The Degenerate is on sale at unlesscollective.com for $139 with the promise that even after “you’ve worn it to death, send it back to us and we’ll return it harmlessly to the earth.”

Humankind’s addiction to buying and throwing away shoes is one of the great threats to the planet, as Sian Sutherland, moderator and co-founder of PlasticFree: Our Incredible Future NOW, illustrated before bringing Liedtke and Haverhals on stage. According to her graphic, 2.5 percent of all carbon pollution comes from aircraft, but footwear disposal isn’t far behind at 1.4 percent, and, she said, if sneakers were a country it would be the 17th worst polluter.

To tackle the enormity of the problem, Haverhals urged attendees to think with even greater enormity, because “impact and scale are two sides of the same coin.”

“If you can’t answer the fundamentals of the question of how to get your materials to scale in not just the millions, but the billions, then your idea isn’t good enough,” he said. “That’s not to say you can’t have niche applications, but my point is that to make generational change, the majority of people in this [or any] room are going to have to consume different products from different places.”

The market will help those massive scales be realized, Liedtke said, because consumers will begin to force market change, as they have with other products already.

Unless Collective CEO and co-founder Eric Liedtke, left, Natural Fiber Welding co-founder and CEO Dr. Luke Haverhals and PlasticFree co-founder Sian Sutherland onstage for a discussion about sneaker waste at The New School in New York last Thursday.
Matt Hickman/Sourcing Journal

“If you give people the chance they’ll vote with their wallets,” he said. “Look at electric vehicles, they’ve crested at 5 percent of all car sales and that’s the tipping point to 20 percent. There are plenty of use cases out there. Think about plant-based milks. When I was younger there was stuff you had to choke down, but now, who doesn’t prefer oat milk?”
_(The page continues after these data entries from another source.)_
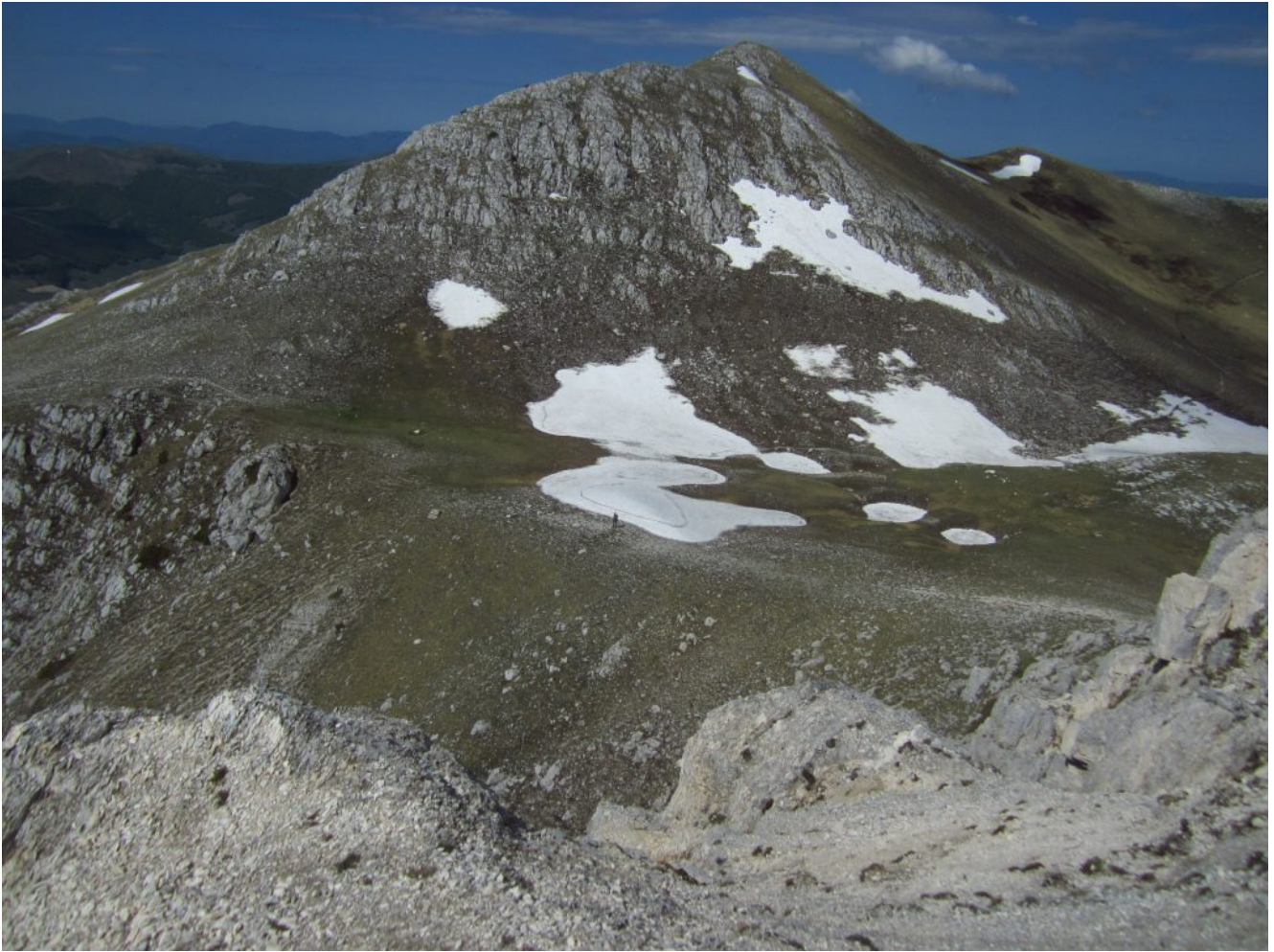
27- La cima del Monte Palazzo Borghese vista dal Sasso.
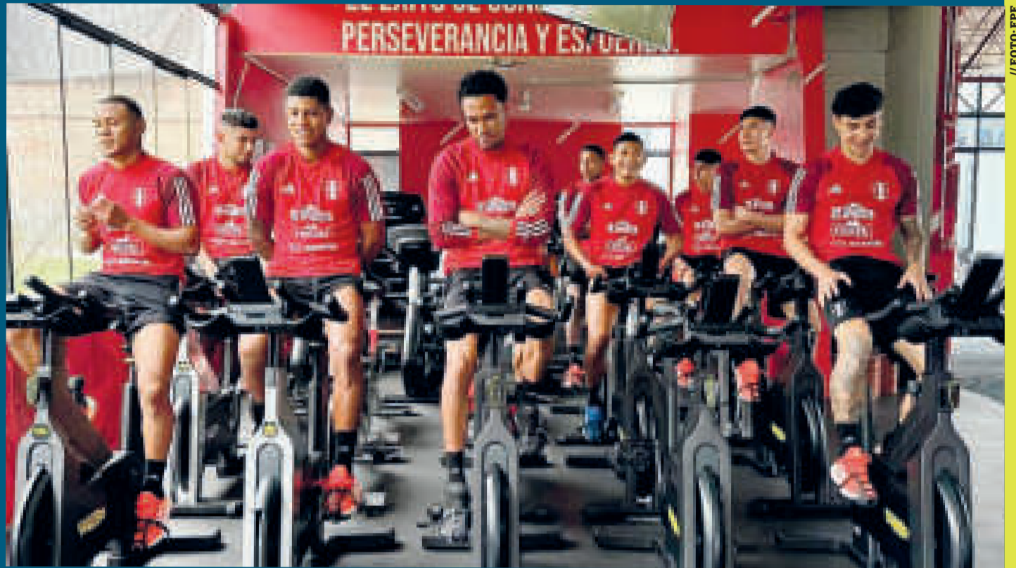
Jugadores de la selección peruana en plena tarea de potenciación muscular.

Bolivia, por su parte, llega a este partido después de caer por 0-1 ante la selección de Paraguay en el estadio Defensores del Chaco, por la cuarta jornada de las Eliminatorias. El equipo altiplánico no ha sumado un solo punto y buscará obtener su primer triunfo ante Perú en casa.
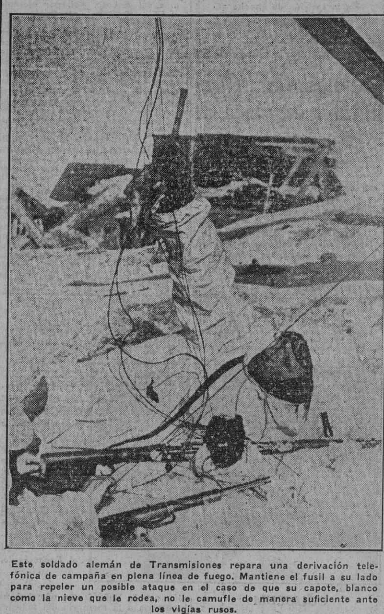
Este soldado alemán de Transmisiones repara una derivación telefónica de campaña en plena línea de fuego...
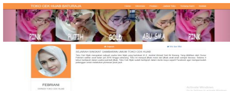
Gambar 7. Tampilan Halaman sejarah, visi dan misi

Halaman selanjutnya berisi tentang sejarah, visi dan misi, pada toko cek hijab. Adapaun tampilan halaman tersebut sebagai berikut:
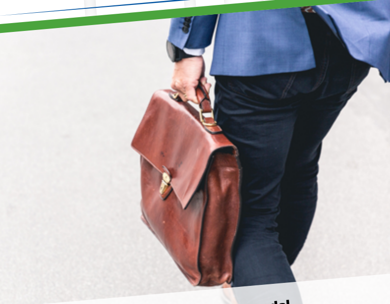
Départ d'un membre du Conseil synodal
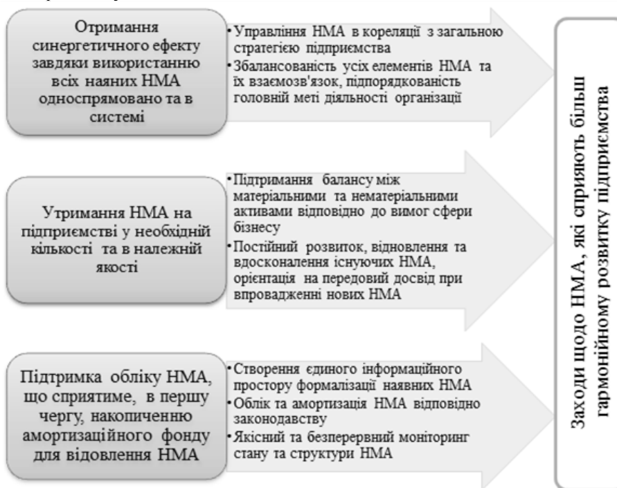
Рис. 3. Вихідні положення при впровадженні НМА на підприємство. Розроблено авторами

Подолання названих вище проблем можливо при використанні сучасного методичного забезпечення та інформаційної бази, спираючись на основні положення при впровадженні та використанні НМА на підприємстві (рис. 3), що сприятимуть більш гармонійному його розвитку.
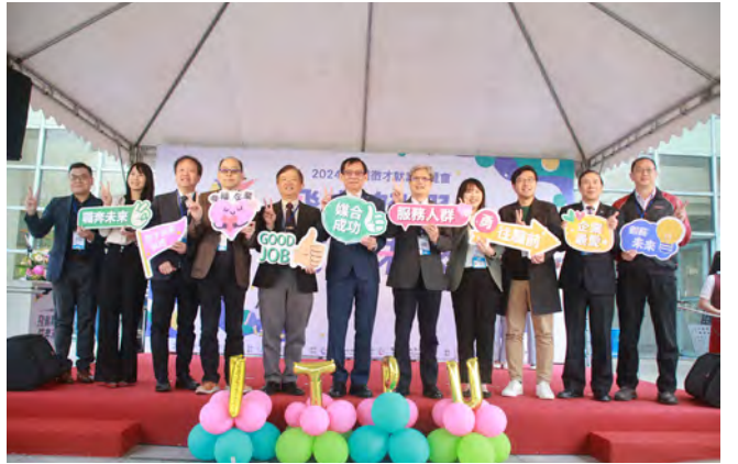
▲與會主管及貴賓合影

今年就博會廠商報名情形熱烈，可看出臺北大學畢業生的素質受到業界信賴。為使學生順利銜接職場，學務處職涯發展中心三月起辦理多場職涯午間講座，包括履歷撰寫、面試法則、簡報技巧、職場服儀等主題為求職活動暖身，相信可以協助學生順利邁向從學校到職場的最後一哩路。
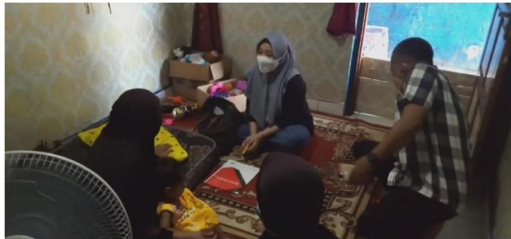
(Pengambilan data di rumah AM yang mengenakan kerudung hitam, didampingi oleh Pak RW, ibu RT dan pihak Rumah Aman)
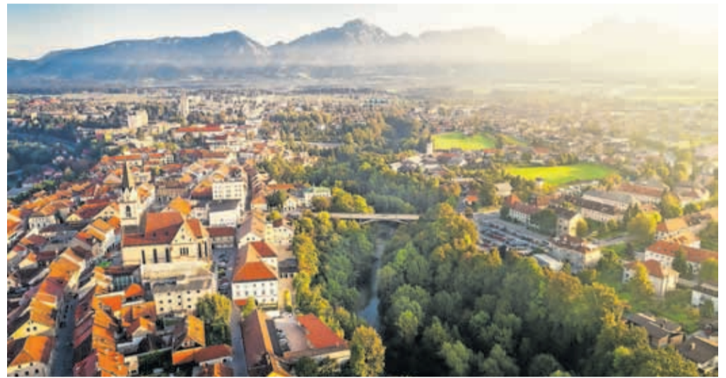
Za osrednjo temo EKO tedna v Kranju so organizatorji postavili zeleno infrastrukturo mesta in okolice.
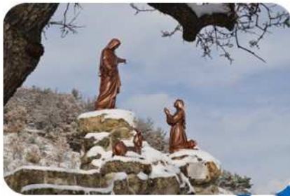
Notre Dame du Laus
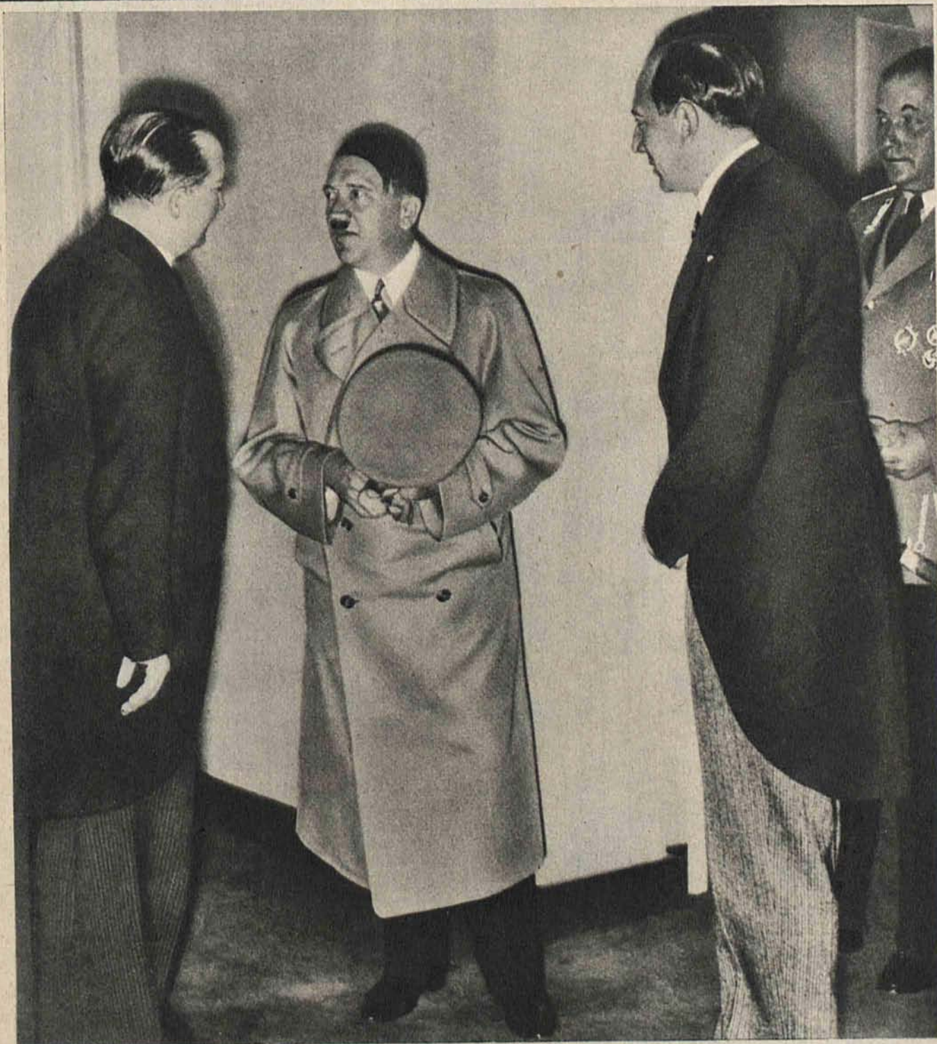
Z pobytu min. Becka w Berlinie. (Od lewej) Ambasador Lipski, kanclerz Hitler, min. Beck.

TYGODNIOWY BEZPŁATNY DODATEK „REPUBLIKI“

The message of the name “Unless Collective” is one of burden, responsibility and the dread of cataclysm, but Haverhals closed the discussion with a hopeful reminder of the replenishing nature of regeneration.

“There is already life in the soil that sequesters carbon dioxide using solar energy,” he said. “It’s at such an enormous scale, as long as you take care of the soil we can’t possibly exhaust it.”